Syntax is defined as the relations among a set of markers (Rapaport refrains from calling them symbols as “symbol” implies an inherent connection to an external object), and semantics is the relations between the system of markers and “other things,” (their meanings). His argument claims that if the set of markers is merged with the set of meanings, then the resulting set is a new set of markers, a sort of meta-syntax. The mechanism that the symbol-user (native speaker) uses to understand the relation between the old and new markers is a syntactic one. The simplest way to put all this would be that semantics must be understood syntactically, and is therefore a form of syntax.

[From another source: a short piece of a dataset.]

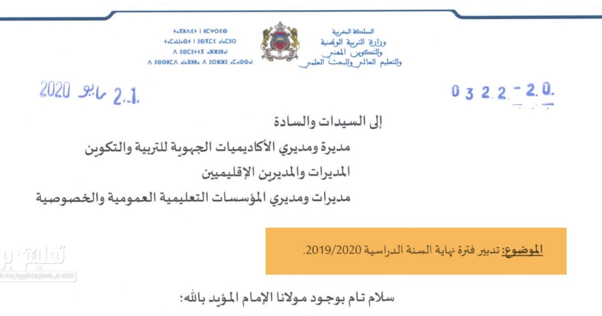 تدبير فترة نهاية السنة الدراسية 2019 2020
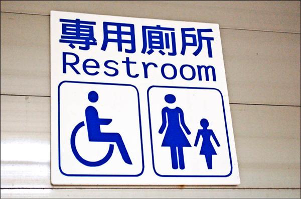 台鐵四腳亭站廁所翻譯為Restroom。(記者盧賢秀攝)

The crux of the argument is that a word (for example tree) does not signify an actual external tree-object, but rather signifies the internal representation tree found in the mind. This idea goes to back to Chomsky’s Lectures on Government and Binding where he introduces “Relation R,” elucidated by James McGilvray as “reference, but without the idea that reference relates an LF [Logical Form, or SEM, semantic form] that stands between elements of an LF and these stipulated semantic values that serve to ‘interpret it’. This relation places both terms of Relation R, LF’s and their semantic values, entirely within the domain of syntax, broadly conceived;. . .They are in the head.” Chomsky’s internalism goes back to the Cartesian view that all sensory input is subjective and therefore nothing can be known outside of the mind. Therefore language cannot refer to external objects, but rather, either to its internal representations of them based on sensory input, or to concepts (like Unicorns) which have no external source to represent. So Chomsky’s internalism and nativism allow for the syntactic phrase in its semantic interface “an internally constituted perspective that can play a role in individuating, and even constructing the things of a world.” The implications for AI lie in that the purely syntactic symbol manipulation of a computational system’s knowledge base suffices for it to understand natural language.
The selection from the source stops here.